▶ _What the exercise asks_: When you copy from the entries that follow, take only the lines from the one with "水墨纹身图片_肩部纹身图案" down to the one with "This is a cool", keeping both ends and dropping every picture.

▶ _Source material_:
*** Begin section ***

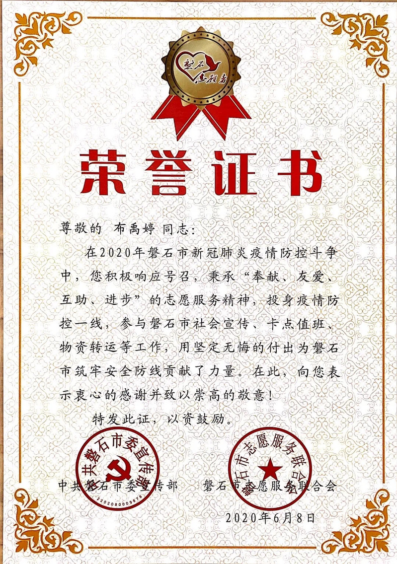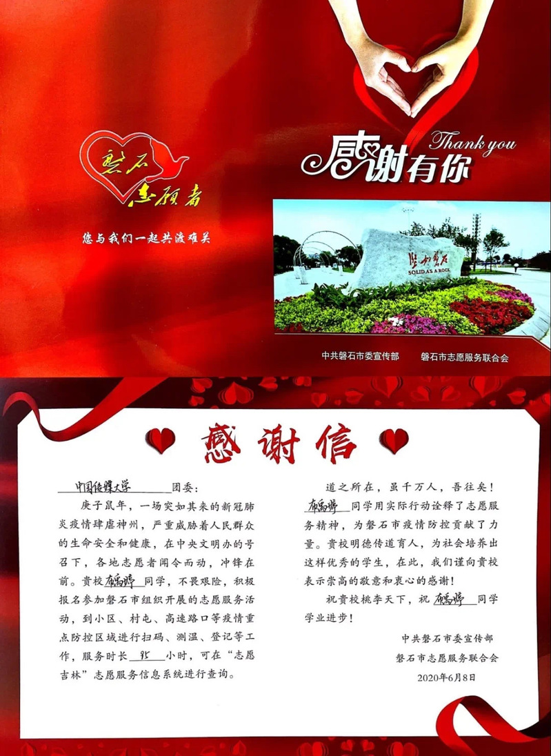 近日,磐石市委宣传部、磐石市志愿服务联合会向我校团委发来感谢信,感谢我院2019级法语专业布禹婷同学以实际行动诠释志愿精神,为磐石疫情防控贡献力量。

*** End section ***
*** Begin section ***

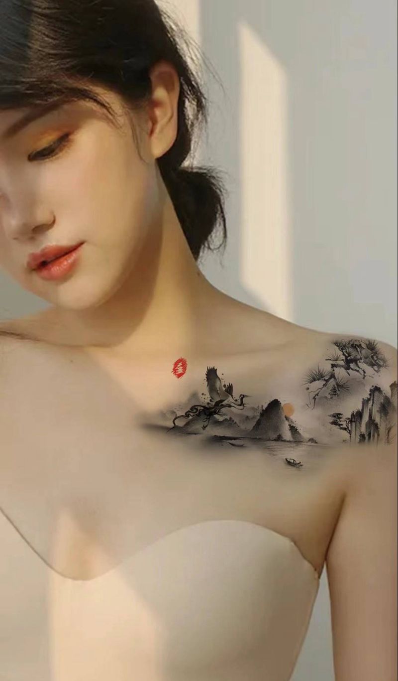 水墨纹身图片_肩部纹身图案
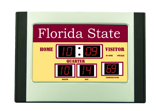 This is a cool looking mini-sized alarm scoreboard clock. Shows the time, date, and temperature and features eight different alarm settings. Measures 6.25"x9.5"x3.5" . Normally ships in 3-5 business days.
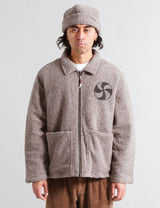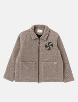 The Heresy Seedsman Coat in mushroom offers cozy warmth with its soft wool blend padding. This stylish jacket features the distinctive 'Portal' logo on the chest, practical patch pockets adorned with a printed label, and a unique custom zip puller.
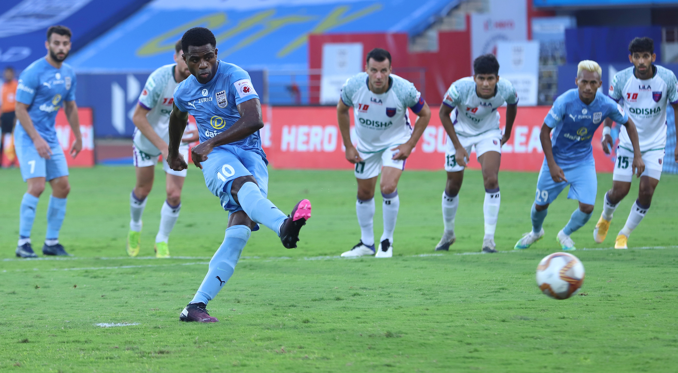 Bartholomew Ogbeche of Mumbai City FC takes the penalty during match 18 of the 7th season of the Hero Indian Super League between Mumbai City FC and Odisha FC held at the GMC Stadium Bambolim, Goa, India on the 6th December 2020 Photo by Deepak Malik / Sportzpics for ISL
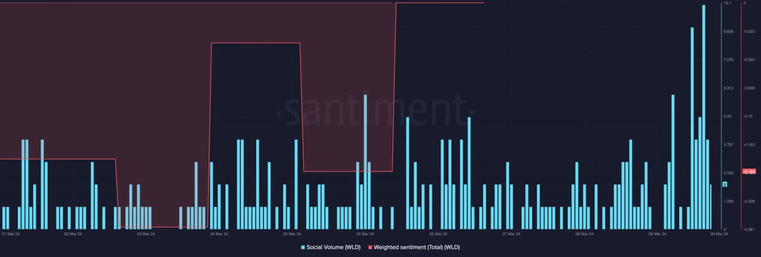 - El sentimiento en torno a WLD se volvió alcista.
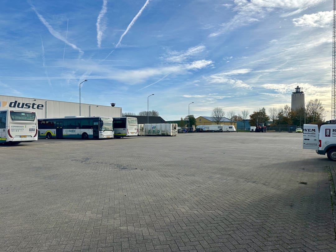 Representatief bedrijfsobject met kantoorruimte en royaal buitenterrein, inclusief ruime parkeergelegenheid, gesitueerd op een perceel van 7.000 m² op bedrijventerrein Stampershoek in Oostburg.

*** End section ***
*** Begin section ***

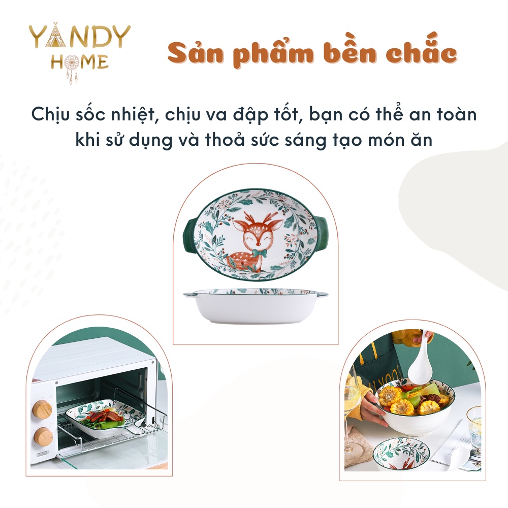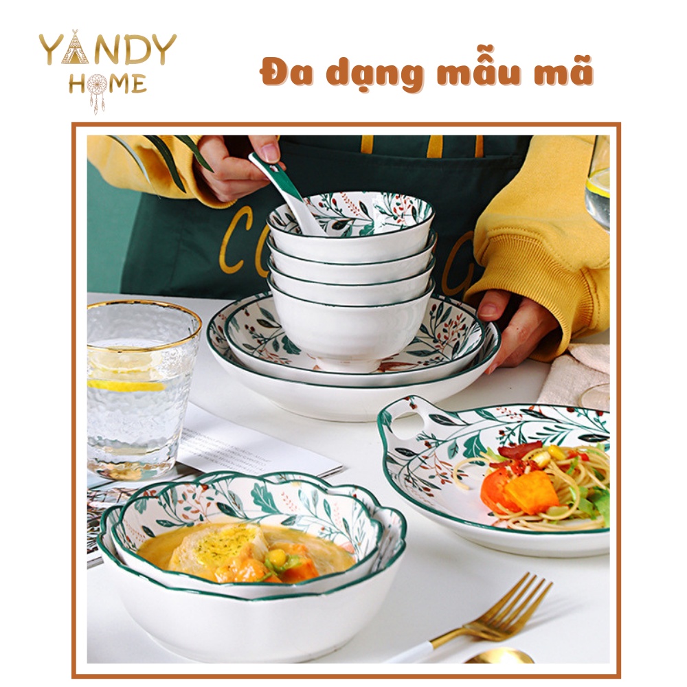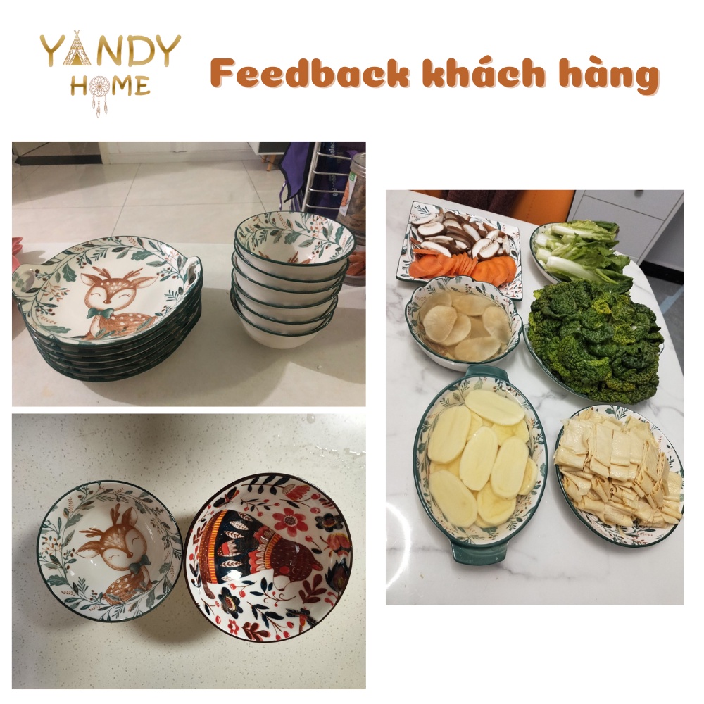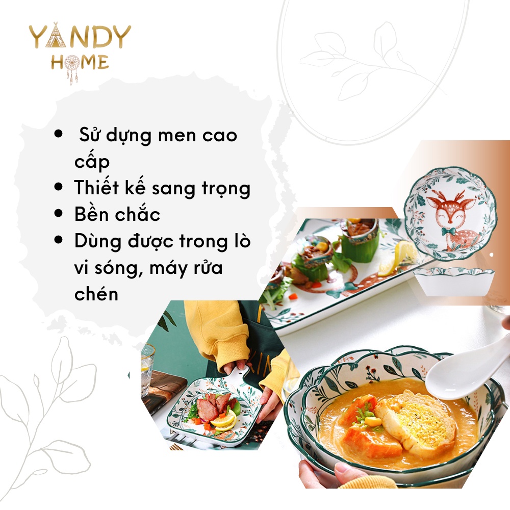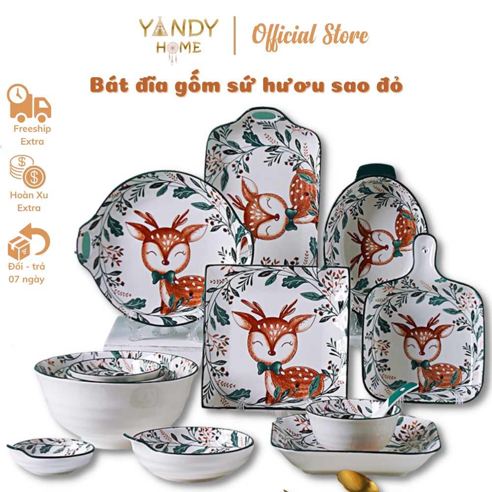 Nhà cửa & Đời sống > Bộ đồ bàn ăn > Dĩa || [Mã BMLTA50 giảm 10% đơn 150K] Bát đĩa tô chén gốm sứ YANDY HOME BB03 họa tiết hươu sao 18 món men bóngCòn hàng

*** End section ***

▶ _Exercise solution_:
 水墨纹身图片_肩部纹身图案
 This is a cool looking mini-sized alarm scoreboard clock. Shows the time, date, and temperature and features eight different alarm settings. Measures 6.25"x9.5"x3.5" . Normally ships in 3-5 business days.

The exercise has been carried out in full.